> **DIRECTIONS**
Below are lines of data; restate word for word those running from the line containing "Список должников по" to the line containing "大町市の大町公民館は20日、", inclusive, and no others.

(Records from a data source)
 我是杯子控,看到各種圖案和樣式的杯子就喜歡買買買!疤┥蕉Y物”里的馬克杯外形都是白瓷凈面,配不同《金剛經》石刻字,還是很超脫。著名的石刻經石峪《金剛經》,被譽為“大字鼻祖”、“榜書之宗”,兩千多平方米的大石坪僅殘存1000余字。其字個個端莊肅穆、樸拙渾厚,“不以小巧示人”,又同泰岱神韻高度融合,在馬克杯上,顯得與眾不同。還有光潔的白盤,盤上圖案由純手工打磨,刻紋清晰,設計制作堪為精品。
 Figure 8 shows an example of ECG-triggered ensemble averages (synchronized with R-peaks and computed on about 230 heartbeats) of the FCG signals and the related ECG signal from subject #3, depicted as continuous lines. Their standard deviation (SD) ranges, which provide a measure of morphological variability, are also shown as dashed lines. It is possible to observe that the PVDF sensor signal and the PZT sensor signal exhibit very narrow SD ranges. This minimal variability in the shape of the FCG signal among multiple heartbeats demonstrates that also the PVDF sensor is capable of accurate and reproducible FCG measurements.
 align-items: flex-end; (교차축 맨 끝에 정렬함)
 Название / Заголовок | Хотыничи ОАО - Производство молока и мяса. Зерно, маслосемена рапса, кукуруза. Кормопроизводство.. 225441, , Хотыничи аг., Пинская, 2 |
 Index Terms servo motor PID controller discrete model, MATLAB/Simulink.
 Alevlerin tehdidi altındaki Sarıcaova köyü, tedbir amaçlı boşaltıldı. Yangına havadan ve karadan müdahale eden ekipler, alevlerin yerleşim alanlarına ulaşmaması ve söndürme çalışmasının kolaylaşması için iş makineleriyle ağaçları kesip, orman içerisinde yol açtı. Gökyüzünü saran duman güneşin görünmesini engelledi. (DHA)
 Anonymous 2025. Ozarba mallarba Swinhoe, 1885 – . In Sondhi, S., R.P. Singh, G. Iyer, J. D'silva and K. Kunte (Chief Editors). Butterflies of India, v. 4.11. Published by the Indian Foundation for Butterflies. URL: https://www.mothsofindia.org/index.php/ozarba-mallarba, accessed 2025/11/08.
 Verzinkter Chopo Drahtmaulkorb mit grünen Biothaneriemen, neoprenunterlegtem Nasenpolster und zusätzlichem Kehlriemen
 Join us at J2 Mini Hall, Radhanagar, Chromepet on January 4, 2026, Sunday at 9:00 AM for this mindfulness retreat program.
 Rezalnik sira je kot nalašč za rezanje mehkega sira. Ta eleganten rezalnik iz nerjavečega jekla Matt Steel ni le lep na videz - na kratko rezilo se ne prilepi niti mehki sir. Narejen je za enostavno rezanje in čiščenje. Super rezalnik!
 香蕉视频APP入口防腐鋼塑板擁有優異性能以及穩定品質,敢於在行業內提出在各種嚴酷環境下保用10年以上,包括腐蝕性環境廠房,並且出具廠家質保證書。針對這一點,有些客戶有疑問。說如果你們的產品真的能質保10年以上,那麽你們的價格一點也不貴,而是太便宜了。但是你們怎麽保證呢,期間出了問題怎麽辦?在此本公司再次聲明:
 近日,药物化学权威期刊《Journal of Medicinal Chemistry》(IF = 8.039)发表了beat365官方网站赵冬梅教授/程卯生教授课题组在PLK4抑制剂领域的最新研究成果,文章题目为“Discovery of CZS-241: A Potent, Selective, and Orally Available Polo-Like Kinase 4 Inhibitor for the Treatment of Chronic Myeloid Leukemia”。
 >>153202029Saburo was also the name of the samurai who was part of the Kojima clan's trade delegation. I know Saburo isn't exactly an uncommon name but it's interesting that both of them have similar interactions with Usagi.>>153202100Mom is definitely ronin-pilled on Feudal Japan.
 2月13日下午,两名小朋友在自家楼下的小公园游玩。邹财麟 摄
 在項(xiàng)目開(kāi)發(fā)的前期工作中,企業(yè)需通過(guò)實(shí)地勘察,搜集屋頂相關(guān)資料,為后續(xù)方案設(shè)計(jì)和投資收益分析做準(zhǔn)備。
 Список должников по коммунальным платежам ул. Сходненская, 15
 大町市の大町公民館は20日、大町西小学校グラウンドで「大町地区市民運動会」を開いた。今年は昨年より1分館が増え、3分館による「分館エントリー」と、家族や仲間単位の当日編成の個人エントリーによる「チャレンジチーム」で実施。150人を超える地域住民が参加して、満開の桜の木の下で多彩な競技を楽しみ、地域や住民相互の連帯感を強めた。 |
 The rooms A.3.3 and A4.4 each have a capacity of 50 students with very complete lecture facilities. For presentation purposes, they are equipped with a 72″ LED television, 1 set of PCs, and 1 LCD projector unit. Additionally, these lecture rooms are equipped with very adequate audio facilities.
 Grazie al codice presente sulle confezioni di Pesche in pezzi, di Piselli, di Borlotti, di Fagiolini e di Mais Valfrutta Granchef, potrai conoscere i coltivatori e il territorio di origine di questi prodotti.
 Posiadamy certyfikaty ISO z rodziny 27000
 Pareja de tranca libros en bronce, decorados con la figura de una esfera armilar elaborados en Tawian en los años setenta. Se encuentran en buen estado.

> **EXPECTED OUTPUT**
 Список должников по коммунальным платежам ул. Сходненская, 15
 大町市の大町公民館は20日、大町西小学校グラウンドで「大町地区市民運動会」を開いた。今年は昨年より1分館が増え、3分館による「分館エントリー」と、家族や仲間単位の当日編成の個人エントリーによる「チャレンジチーム」で実施。150人を超える地域住民が参加して、満開の桜の木の下で多彩な競技を楽しみ、地域や住民相互の連帯感を強めた。 |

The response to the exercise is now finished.